JAKARTA – Pangeran Antasari berusia 75 tahun pada 11 Oktober 1862. Tanah Kampung Bayan Begok meninggal dunia karena penyakit cacar dan radang paru-paru di Sampirang, Kalimantan.
Jenazah Amir Antasari dimakamkan selama 91 tahun di hulu sungai Barito. Kemudian atas izin keluarga, makamnya dipindahkan ke Taman Makam Perang Banjar, Desa Mufti Surgi Banjarmasin, pada 11 November 1958.
Pangeran Antasari adalah Sultan Banjar. Ia dinobatkan sebagai pemimpin tertinggi pemerintahan dengan nama Panembahan Amiruddin Khalifatul Mukminin.
Nama ini merujuk pada Amir Antasari sebagai pemimpin pemerintahan, aliran, dan agama tertinggi.
Nama tersebut dikaitkan langsung dengan Tumenggung Surapati/Tumenggung Yang Pati Jaya Raja, kepala suku dan walikota Dayak yang merupakan penguasa wilayah Dusun Atas, Kapuas, dan Kahayan.
Pangeran Antasari tak hanya dipandang sebagai pemimpin marga Banjar. Ia juga merupakan pemimpin dua suku Islam dan Kaharingan yang tinggal di daerah Sungai Ngaju, Maanyan, Siang, Sihong, Kutai, Pasir, Murung, Bakumpai dan Barito.
Panembahan Amiruddin Khalifatul Mukminin diangkat menjadi Sultan Banjar pada tanggal 14 Maret 1862. Pangeran Antasari diangkat menjadi raja Banjar setelah Belanda terlebih dahulu menculik Ratu Siti (ibu Pangeran Hidayatullah) dan mengasingkan keduanya ke Sultan Hidayatullah Cianjur.
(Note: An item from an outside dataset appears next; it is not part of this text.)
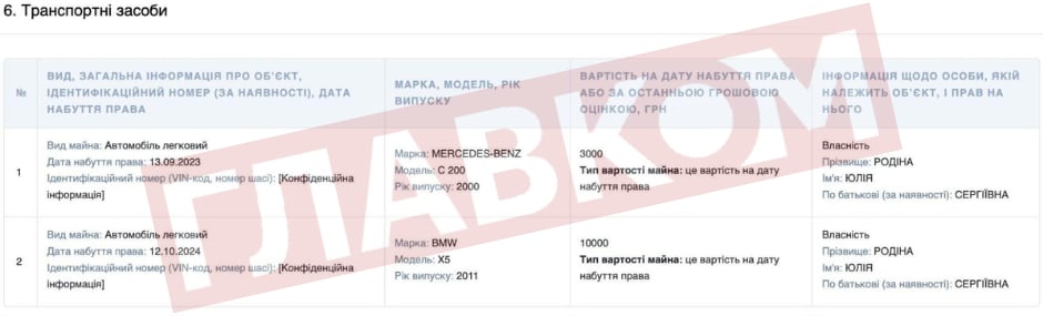 Окрім того, у 2023 році посадовиця також купила ще один легковий автомобіль за ще меншу суму. Йдеться про Mercedes-Benz C200, 2000 року випуску, який за 3 тис. грн обійшовся Юлії Родіній.

Pangeran Antasari pun melanjutkan perangnya dengan Belanda. Ia segera menyerukan kepada seluruh masyarakat, para pemimpin Dayak, para pejuang, para ulama dan para intelektual Banjar untuk melawan penjajah.
“Hiduplah untuk Tuhan, matilah untuk Tuhan!” teriak Pangeran Antasari.
Sejarah mencatat Pangeran Antasari bersama 300 prajuritnya menyerang tambang batu bara Belanda di Pengaron pada 25 April 1859.
Setelah perang ia memperkuatnya dengan bantuan para perwira dan pengikut setianya. Pangeran Antasari pernah menyerang markas Belanda di Martapura, Hulu Sungai, Riam Kanan, Tanah Laut, Tabalong di sepanjang Sungai Barito hingga Puruk Cahu.
Belanda bukannya tanpa perlawanan. Penjajah pernah menemukan senjata modern di Batavia, yang memaksa Emir Antasari memindahkan markasnya ke Muara Teweh.
Belanda pun beberapa kali meyakinkan Amir Antasari untuk menyerah, namun Panembahan Amiruddin Khalifatul Mukminin tidak menyerah satu kali pun. Pangeran Antasari tewas di tengah pasukannya, bahkan sebelum ia sempat ditangkap, apalagi meyakinkan Belanda.
Penjajah pun bergembira karena Pangeran Antasari meninggal dunia karena sakit usai pertempuran di kaki Bukit Bahang di Tundakan. Tugu Peringatan Perang Banjar dibangun oleh pemerintah Hindia Belanda untuk mengenang prajuritnya.
Perjuangan Pangeran Antasari dilanjutkan oleh putranya Mohammed Seman.
Pangeran Antasari dianugerahi gelar Keberanian dan Kemandirian Nasional oleh Pemerintah Republik Indonesia sesuai SK ke-16. 06/TK/1968, Jakarta, tanggal 27 Maret 1968.
Nantinya, untuk lebih mempromosikan Pangeran Antasari ke masyarakat, pemerintah melalui Bank Indonesia (BI) mengabadikan nama Pangeran Antasari dan gambarnya di selembar kertas bernilai Rp2 ribu.